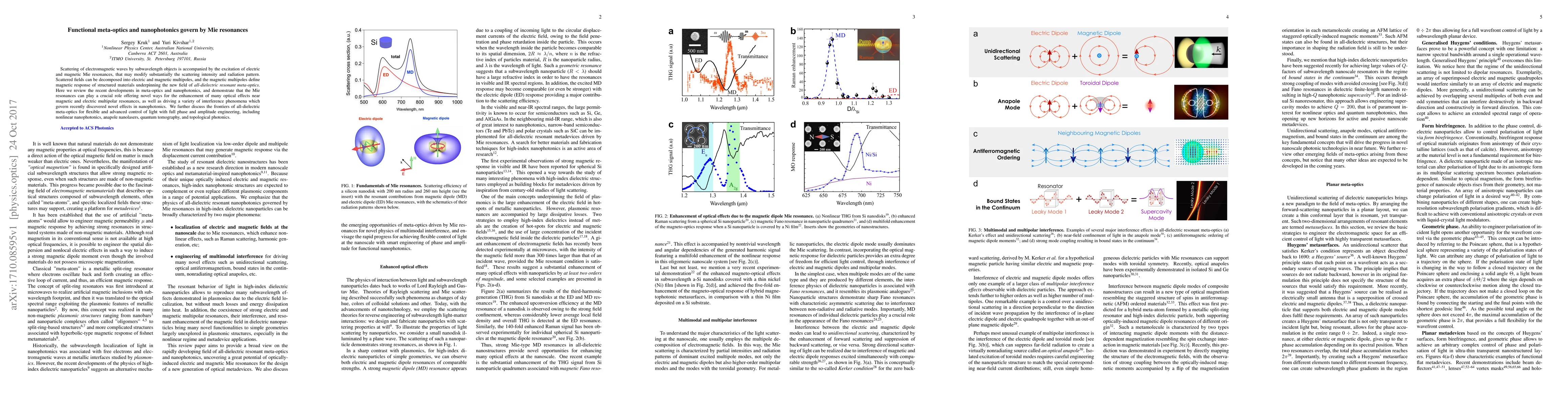 This paper reviews recent advancements in meta-optics and nanophotonics, highlighting how Mie resonances influence electromagnetic wave scattering and enable new optical effects through electric and magnetic multipoles. It explores applications in flexible light control, nonlinear optics, and topological photonics.
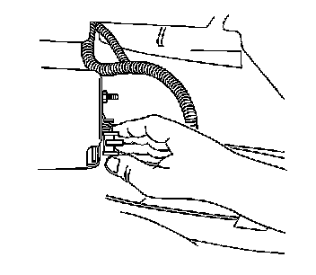 5. Reach under the rear lower edge of the front fascia in order to access the fog lamp vertical adjustment screw on the rear of the fog lamp.
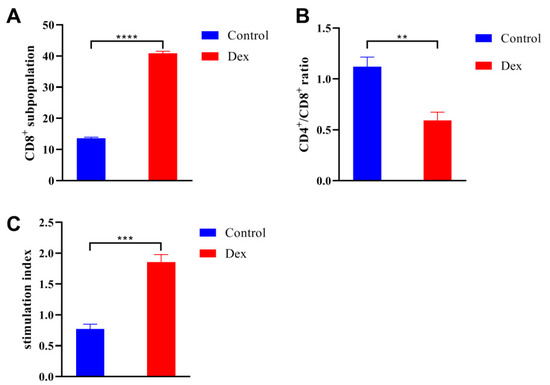 Dexamethasone sodium phosphate treatment lowered the immunity of ICR/CD-1 male mice. (A) Dexamethasone sodium phosphate treatment increased the percentage of CD8+ cells in the whole white blood cells. (B) The CD4+/CD8+ ratio from the Dex group was significantly lower than that in the control group. (C) The dexamethasone sodium phosphate treatment suppressed the viability of splenic T lymphocyte cells. All data are presented as means ± standard deviation. Two-way ANOVA was used for comparison between the two groups, and all statistical analyses were performed with GraphPad Prism 8. **** p < 0.0001; *** p < 0.001; ** p < 0.01.
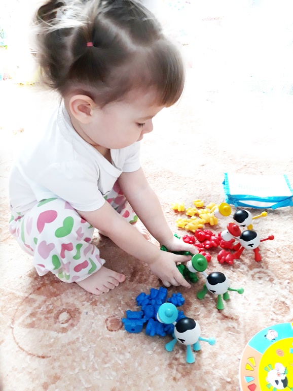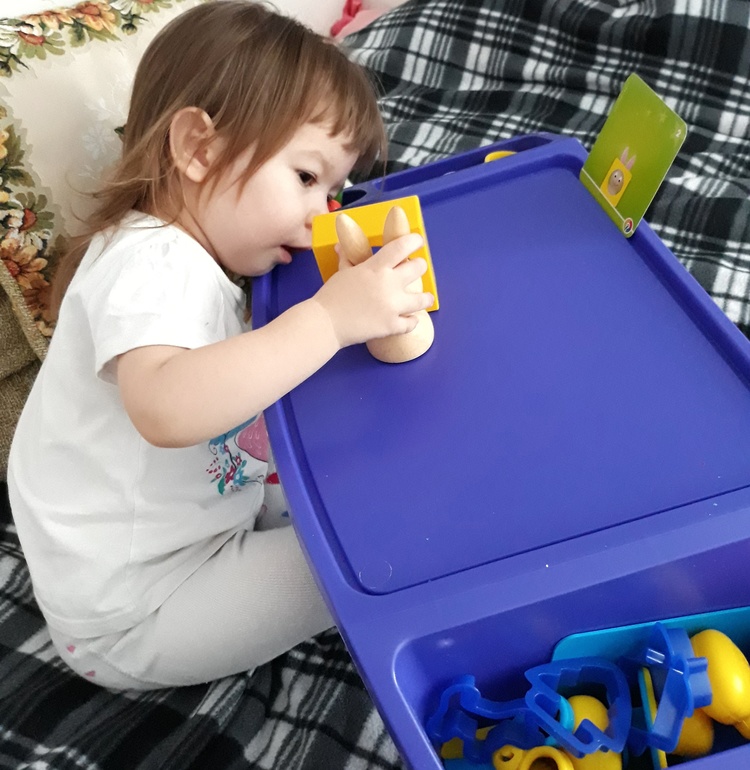 Играли немного не по правилам. Домик не строили, я решила, что Катю это будет отвлекать и она переключится на конструирование).
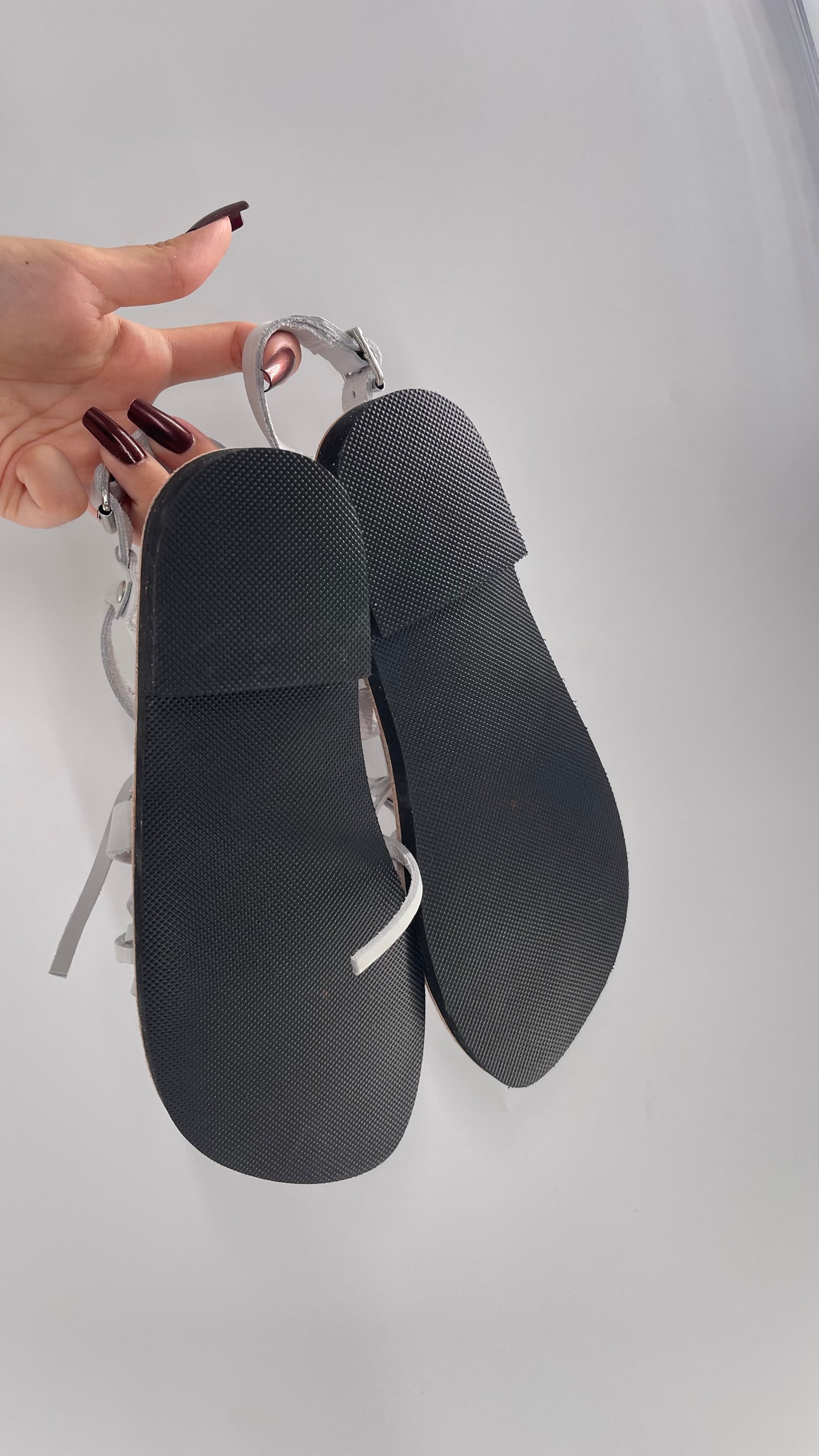 Free People Light Gray Willow Wrap Sandals with Studs

*-*-*

**Task goal**: Quote exactly, and nothing besides, the lines from the one with "Dexamethasone sodium phosphate treatment lowered" through the end of the records above; include both ends and omit the pictures.

**Task result**:
 Dexamethasone sodium phosphate treatment lowered the immunity of ICR/CD-1 male mice. (A) Dexamethasone sodium phosphate treatment increased the percentage of CD8+ cells in the whole white blood cells. (B) The CD4+/CD8+ ratio from the Dex group was significantly lower than that in the control group. (C) The dexamethasone sodium phosphate treatment suppressed the viability of splenic T lymphocyte cells. All data are presented as means ± standard deviation. Two-way ANOVA was used for comparison between the two groups, and all statistical analyses were performed with GraphPad Prism 8. **** p < 0.0001; *** p < 0.001; ** p < 0.01.
 Играли немного не по правилам. Домик не строили, я решила, что Катю это будет отвлекать и она переключится на конструирование).
 Free People Light Gray Willow Wrap Sandals with Studs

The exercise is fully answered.